In step S26, the processing module 500 controls the operating system 30 to restart and forbids implementation of the abnormal software by a preset program. The preset program can end a process of the abnormal software, similar to a task manager of WINDOWS.
In step S28, the transmitting module 700 transmits the present abnormality of the server 1 and the reason of the present abnormality to the computing device 2. In the embodiment, the transmitting module 700 transmits an e-mail to the computing device 2 to notify the present abnormality of the server 1 and the reason of the present abnormality to the people to fix the problem.

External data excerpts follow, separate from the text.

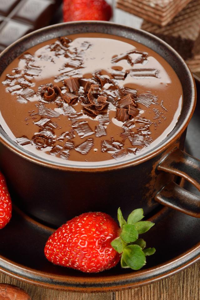 » Wallpaper Hot chocolate in a cup on the table with strawberries
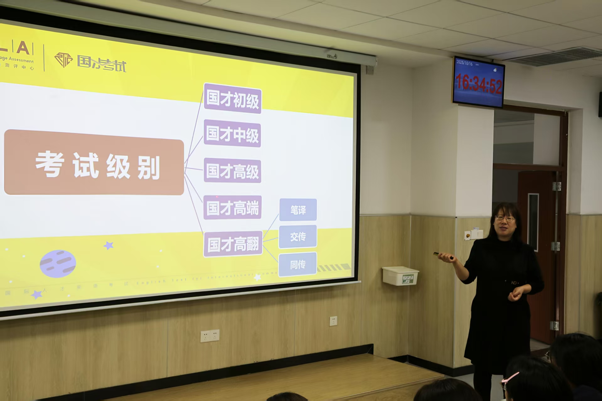 10月16日,3868银河总站在平度校区博学楼A301举办“语言筑梦,国才领航”国才考试宣讲会,会议由英语系副主任左燕茹主讲,3868银河总站2025级英语专业全体学生参加。
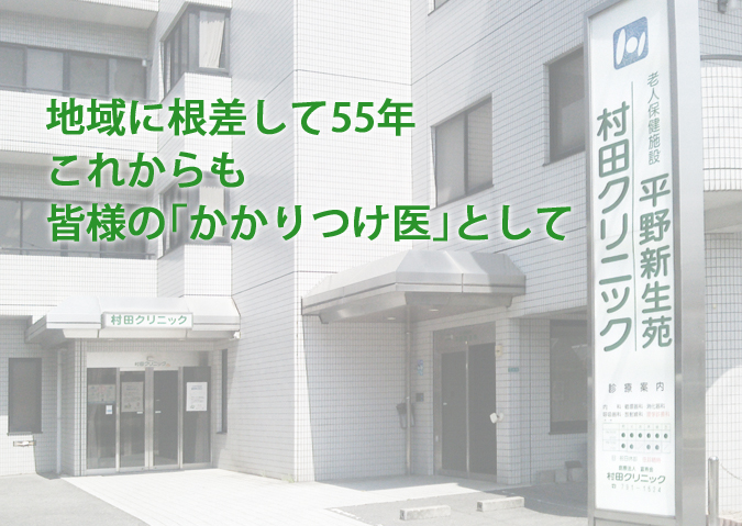 医療法人富寿会「村田クリニック」は、昭和34年10月に開院して以来、平野区を中心に地域に根差した医療を行って参りました。また、昭和62年からは地域で最初の介護老人保健施設「平野新生苑」をオープンさせ、より良い高齢者福祉・医療を目指して努力して参りました。

Although certain inventive embodiments of the present disclosure have been specifically described, the present disclosure is not to be construed as being limited thereto. Various changes or modifications may be made to the present disclosure without departing from the scope and spirit of the present disclosure.
Claims
1. A computer-implemented method being executed by a processor of a server electronically connected to a computing device, the method comprising:
- (a) determining a present abnormality of the server according to data from a memory of the server, in response to determining that the server is malfunctioning;
- (b) determining a reason of the present abnormality of the server according to a preset reason list, in response to determining that the present abnormality is a hardware abnormality;
- (c) stopping use of the abnormal hardware and controlling an operating system of the server to restart;
- (d) acquiring information of the abnormal hardware from a field replace unit (FRU) chip of the server; and
- (e) transmitting the present abnormality of the server, the reason of the present abnormality, and the information of the abnormal hardware to the computing device.
2. The method as claimed in claim 1, further comprising:
- determining the reason of the present abnormality of the server using the operating system, in response to determining that the present abnormality is a software abnormality;
- controlling the operating system to restart and forbidding implementation of the abnormal software by a preset program; and
- transmitting the present abnormality of the server and the reason of the present abnormality to the computing device.
3. The method as claimed in claim 1, wherein in step (c), stopping use of the abnormal hardware is done by amending a set value of the abnormal hardware in a non-volatile random access memory (NVRAM) of a basic input output system (BIOS) of the server according to the reason of the present abnormality.
4. The method as claimed in claim 1, wherein the operating system automatically copies the data in the memory and transmits the data to a baseboard management controller (BMC) of the server in response to the determination that the server is malfunctioning.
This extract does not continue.